[Source data]

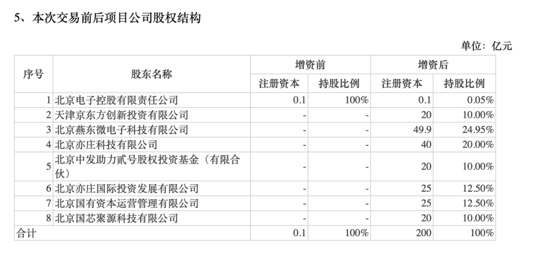 具体投资分配方面,燕东科技慷慨出资49.9亿元,天津京东方创投投资20亿元,亦庄科技、亦庄国投、北京国管分别投资40亿元、25亿元、25亿元,中发贰号基金和国芯聚源则各投资20亿元。此番增资后,燕东科技以24.95%的持股比例跃居第一大股东,并计划通过签署一致行动协议与天津京东方创投、亦庄国投及北京国管共同实际控制北电集成。
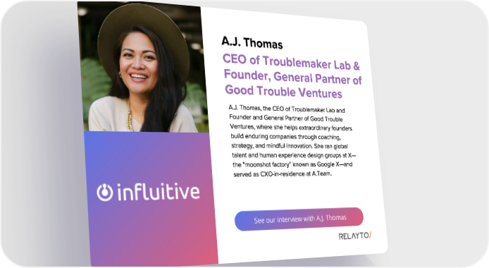 See our interview with A.J. Thomas A . J . Thomas A . J . Thomas , the CEO of Troublemaker Lab and Founder and General Partner of Good Trouble Ventures , where she helps extraordinary founders build enduring companies through coaching , strategy , and mindful innovation . She ran global talent and human experience design groups at X — the " moonshot factory " known as Google X — and served as CXO - in - residence at A . Team . CEO of Troublemaker Lab & Founder , General Partner of Good Trouble Ventures
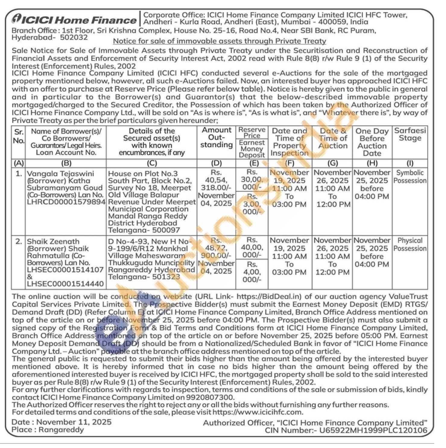 contact ICICI Home Finance Company Limited on 9920807300
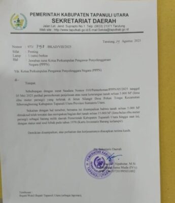 Ternyata di Pemkab Tapanuli Utara , sekitar 1,5 ha lahan tanah yang dipinjam pakai oleh Pemkab Tapanuli Utara selama 31 tahun dan sudah dikosongkan sejak tahun 2000 s/d 2025 kepada pemiliknya ataupun ahli warisnya , secara sepihak Bupati Tapanuli Utara pada saat itu Drs.Nikson Nababan memaksakan kehendak dan tanpa alas hak memasukkan status tanah masuk menjadi Inventaris milik Daerah tanpa dapat membuktikan dasar hukum atas tanah tersebut ungkap Ganda Tampubolon dalam siaran Persnya .
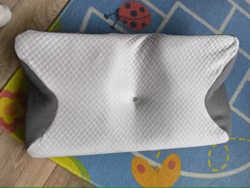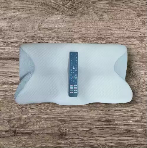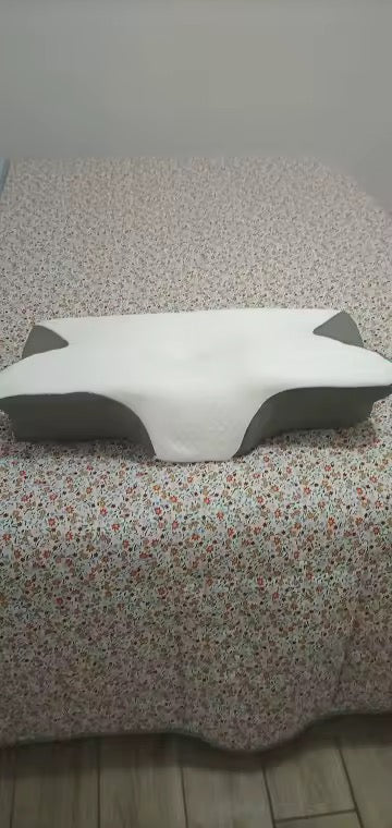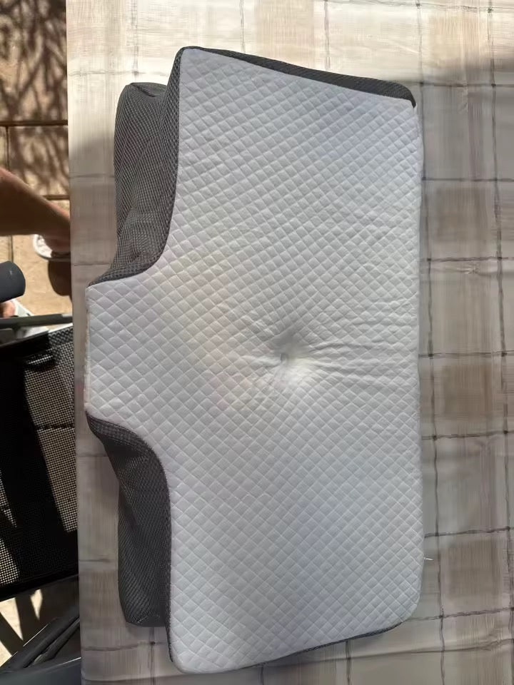 La almohada tiene dos lados: el curvo para apoyar el cuello si duermes boca arriba o de lado (mantiene la columna recta), y el plano para boca abajo o menos soporte. La espuma memoria se ablanda con tu calor corporal, moldeándose a tu cabeza y cuello para distribuir el peso y quitar presión.
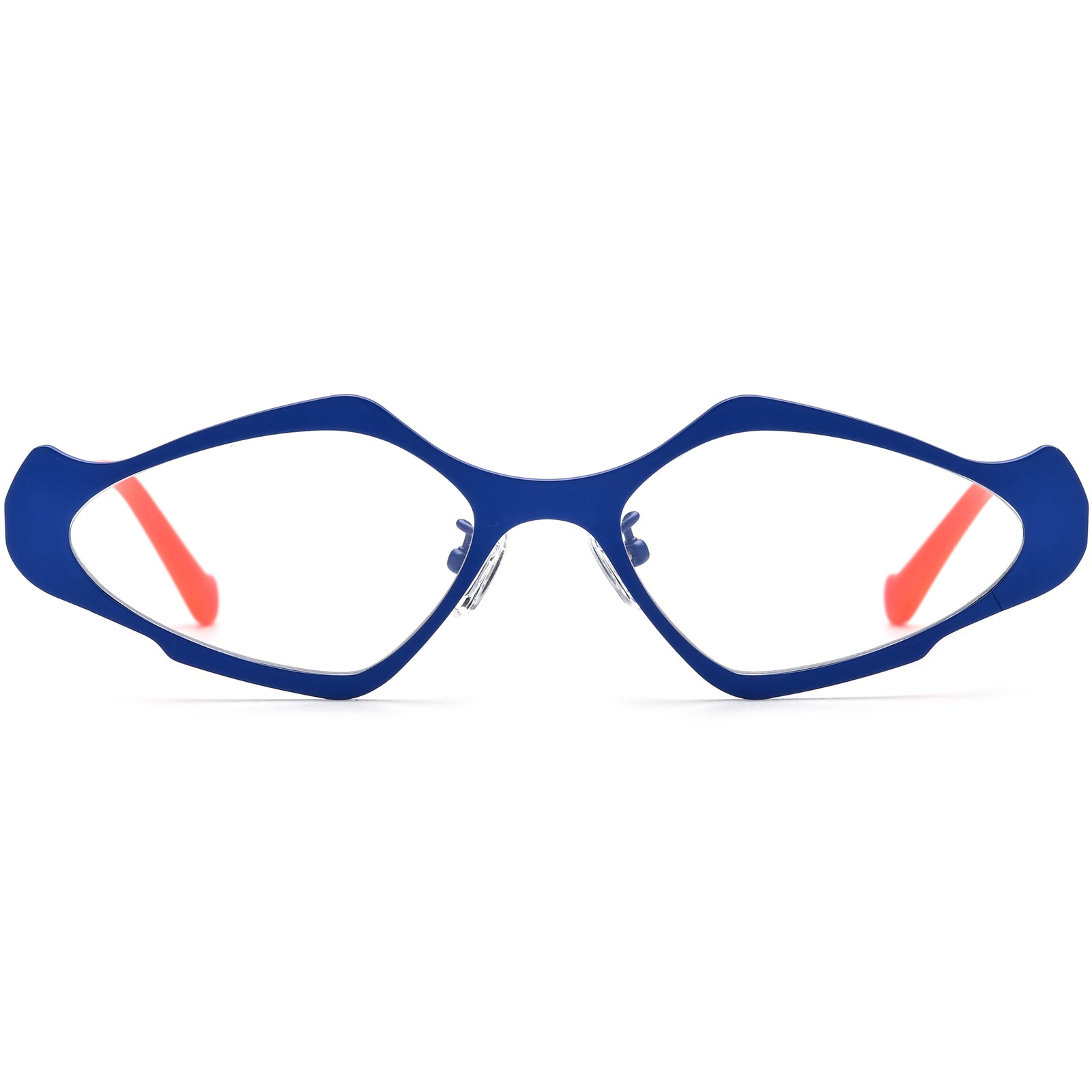 These titanium eyeglasses feature a bold cat-eye shape with a full-rim design, crafted to make a statement. The front rim is adorned with sleek, contrasting color accents that add a dynamic, modern touch. The frame’s clean lines and subtle curvature create a sharp, yet approachable look, perfect for a variety of face shapes. Designed for comfort, these glasses offer an adjustable nose pad for a secure fit, blending style and functionality seamlessly for everyday wear.

» **How to complete this task**: The answer must be an exact transcription of the lines from the one containing "Ternyata di Pemkab" through the last line of the records above, both included, with no pictures.

» **Response area**:
 Ternyata di Pemkab Tapanuli Utara , sekitar 1,5 ha lahan tanah yang dipinjam pakai oleh Pemkab Tapanuli Utara selama 31 tahun dan sudah dikosongkan sejak tahun 2000 s/d 2025 kepada pemiliknya ataupun ahli warisnya , secara sepihak Bupati Tapanuli Utara pada saat itu Drs.Nikson Nababan memaksakan kehendak dan tanpa alas hak memasukkan status tanah masuk menjadi Inventaris milik Daerah tanpa dapat membuktikan dasar hukum atas tanah tersebut ungkap Ganda Tampubolon dalam siaran Persnya .
 La almohada tiene dos lados: el curvo para apoyar el cuello si duermes boca arriba o de lado (mantiene la columna recta), y el plano para boca abajo o menos soporte. La espuma memoria se ablanda con tu calor corporal, moldeándose a tu cabeza y cuello para distribuir el peso y quitar presión.
 These titanium eyeglasses feature a bold cat-eye shape with a full-rim design, crafted to make a statement. The front rim is adorned with sleek, contrasting color accents that add a dynamic, modern touch. The frame’s clean lines and subtle curvature create a sharp, yet approachable look, perfect for a variety of face shapes. Designed for comfort, these glasses offer an adjustable nose pad for a secure fit, blending style and functionality seamlessly for everyday wear.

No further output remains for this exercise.